#### Exercise:
From the first line of the material to the line containing "ВНИМАНИЕ: Фурните са", inclusive, write out each line exactly, leaving out the pictures.
+++ Dataset content +++
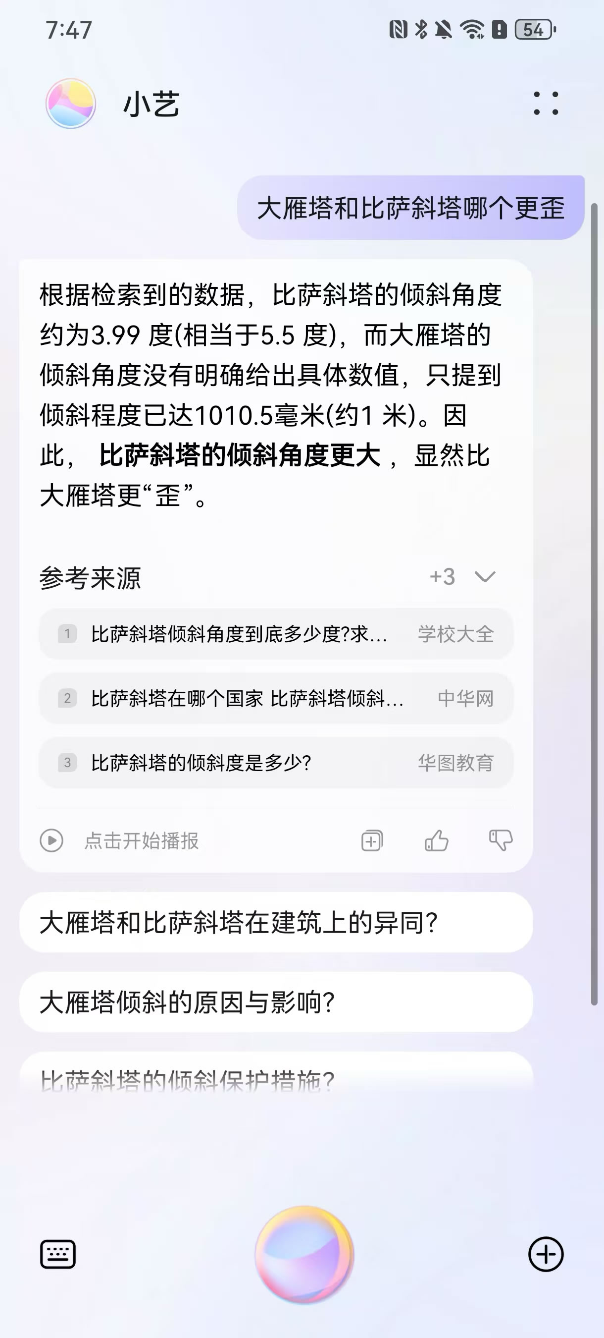 確定好目的地之后,到底怎么玩?對(duì)大多數(shù)人來說,既要規(guī)劃詳細(xì)、又要細(xì)節(jié)不出紕漏的“完美旅行攻略”非常費(fèi)時(shí)費(fèi)力。而小藝可以從特色景點(diǎn)、住宿、餐飲、注意事項(xiàng)等多個(gè)維度出發(fā),結(jié)合用戶確定的旅行目的地,為你解答各種旅行知識(shí),堪稱旅行界的百科全書。用戶只需長按華為手機(jī)電源鍵或者對(duì)手機(jī)說“小藝小藝”即可喚醒小藝,不論是詢問當(dāng)?shù)氐娜宋闹R(shí)、歷史典故,還是推薦熱門景點(diǎn)、美食小吃,小藝都能對(duì)答如流,幫助大家更快速了解目的地的相關(guān)信息。比如你可以直接問它“為什么景德鎮(zhèn)的瓷器很出名”、大雁塔和比薩斜塔哪個(gè)更歪” “為什么很多人喝不慣北京豆汁兒”,通過各種問題逐漸了解到目的地的各種信息,幫助提升旅行體驗(yàn)。
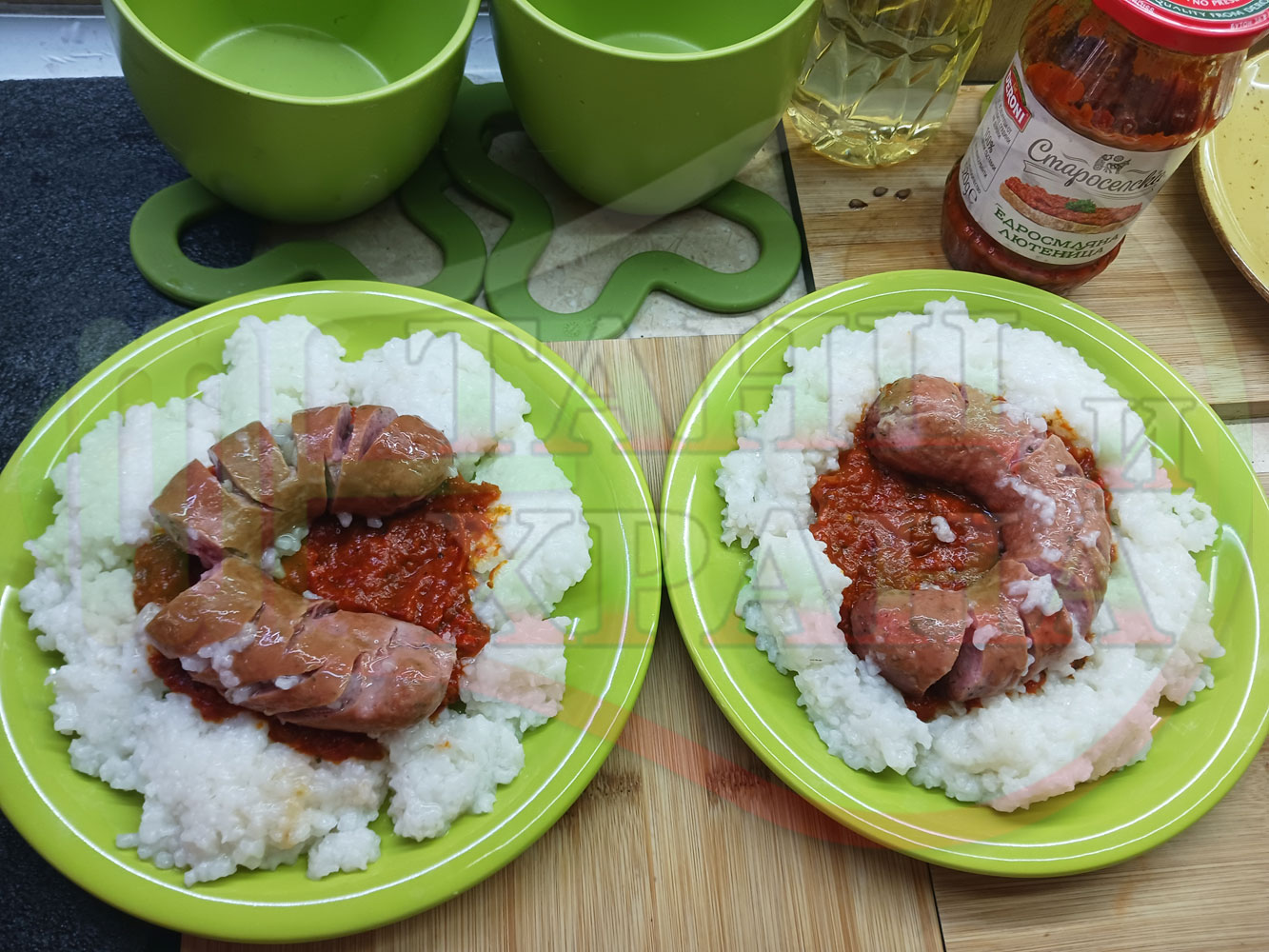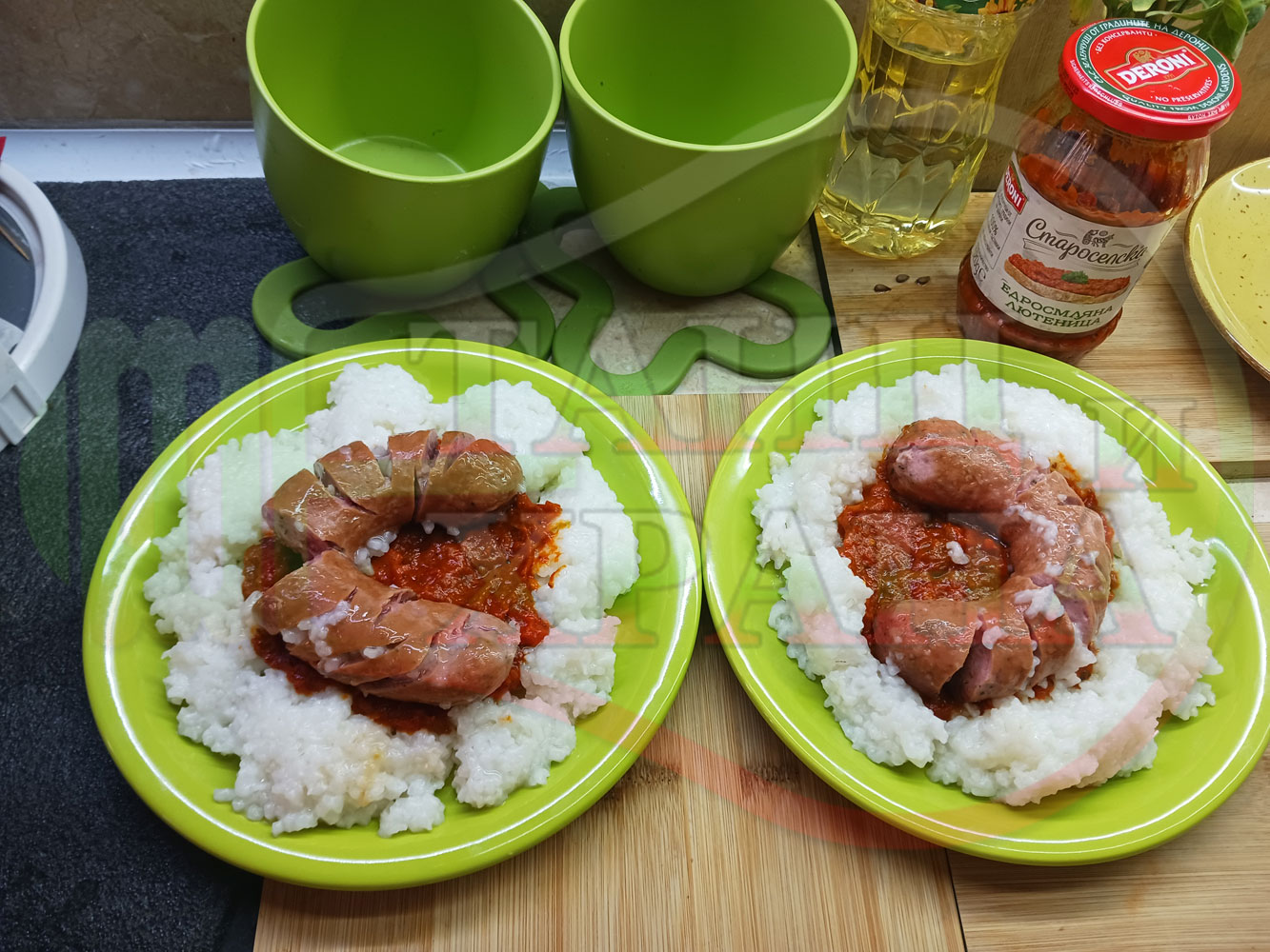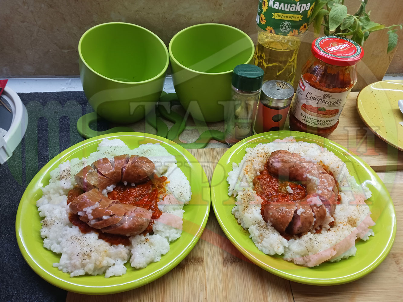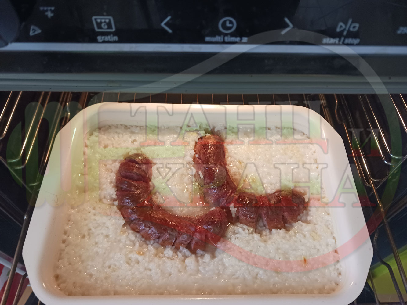 ВНИМАНИЕ: Фурните са различни и съответно времето за сваряване и запичане е ориентировъчно. Наблюдавайте процеса на запичане и при необходимост, покрийте с капак или отстранете тавата от фурната. Обърнете поне 1 път наденицата за да се запече от 2-те страни (имайте предвид, че едната страна на наденицата остава по-светла (страната, която е в ориза)).
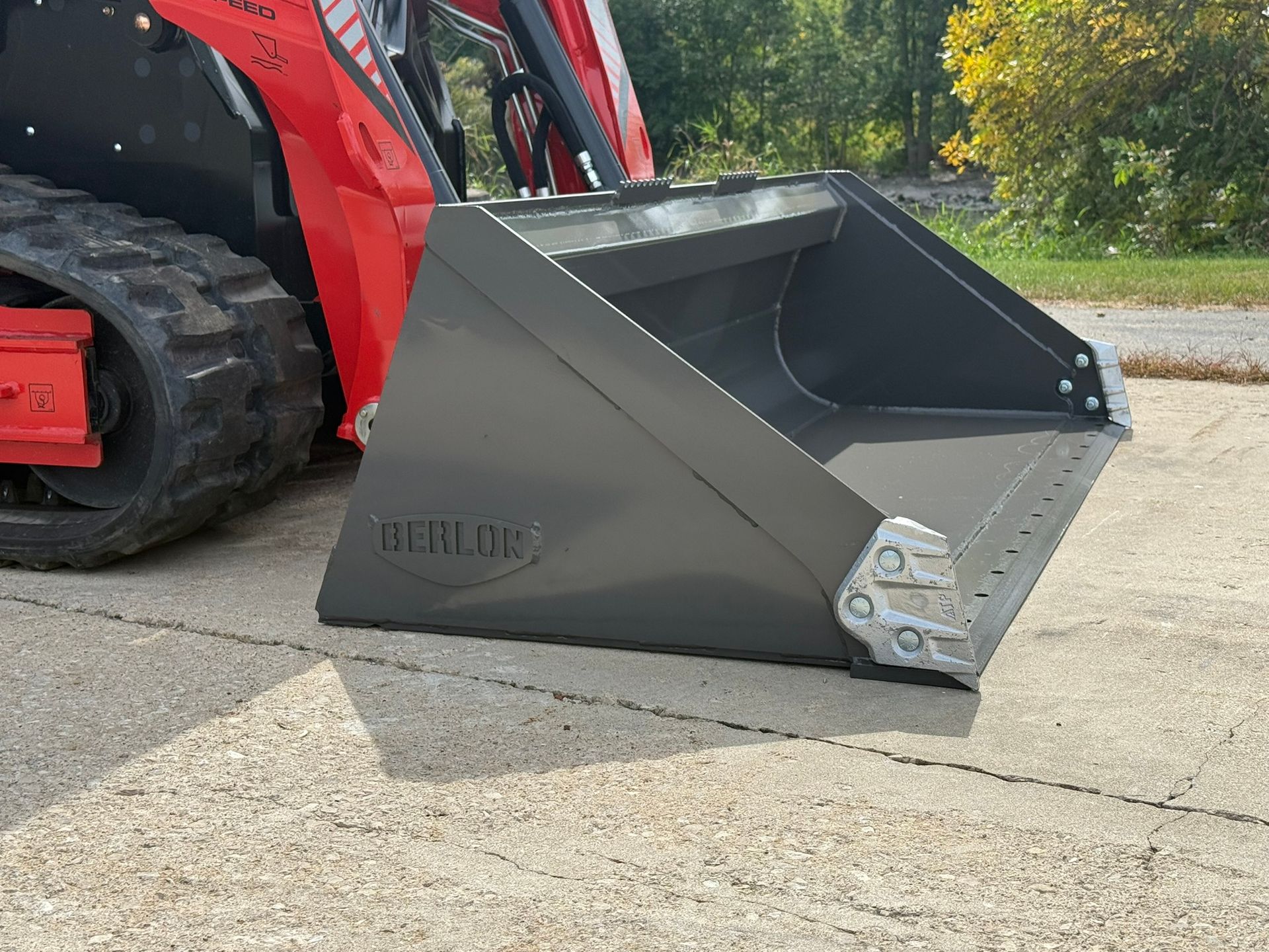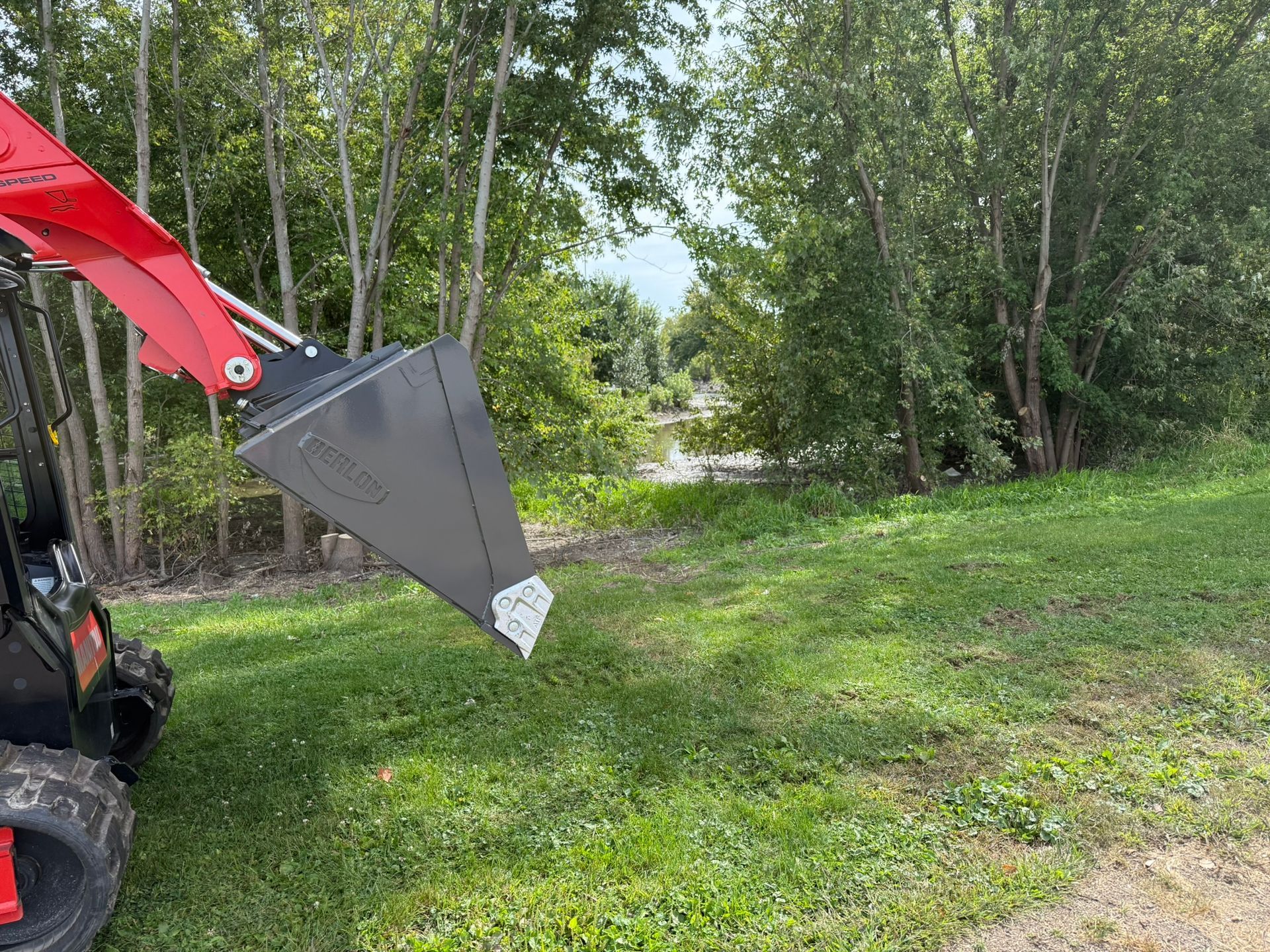 Tough, precise, and built to last. Reinforced with wear plates and bottom wear bars, this bucket is ready for the heaviest grading jobs. The extended lip profile gives operators better visibility to the cutting edge for smooth, accurate back dragging. A universal skid steer mount makes it easy to hook up and get to work.
+++
#### Solution to this task:
 確定好目的地之后,到底怎么玩?對(duì)大多數(shù)人來說,既要規(guī)劃詳細(xì)、又要細(xì)節(jié)不出紕漏的“完美旅行攻略”非常費(fèi)時(shí)費(fèi)力。而小藝可以從特色景點(diǎn)、住宿、餐飲、注意事項(xiàng)等多個(gè)維度出發(fā),結(jié)合用戶確定的旅行目的地,為你解答各種旅行知識(shí),堪稱旅行界的百科全書。用戶只需長按華為手機(jī)電源鍵或者對(duì)手機(jī)說“小藝小藝”即可喚醒小藝,不論是詢問當(dāng)?shù)氐娜宋闹R(shí)、歷史典故,還是推薦熱門景點(diǎn)、美食小吃,小藝都能對(duì)答如流,幫助大家更快速了解目的地的相關(guān)信息。比如你可以直接問它“為什么景德鎮(zhèn)的瓷器很出名”、大雁塔和比薩斜塔哪個(gè)更歪” “為什么很多人喝不慣北京豆汁兒”,通過各種問題逐漸了解到目的地的各種信息,幫助提升旅行體驗(yàn)。
 ВНИМАНИЕ: Фурните са различни и съответно времето за сваряване и запичане е ориентировъчно. Наблюдавайте процеса на запичане и при необходимост, покрийте с капак или отстранете тавата от фурната. Обърнете поне 1 път наденицата за да се запече от 2-те страни (имайте предвид, че едната страна на наденицата остава по-светла (страната, която е в ориза)).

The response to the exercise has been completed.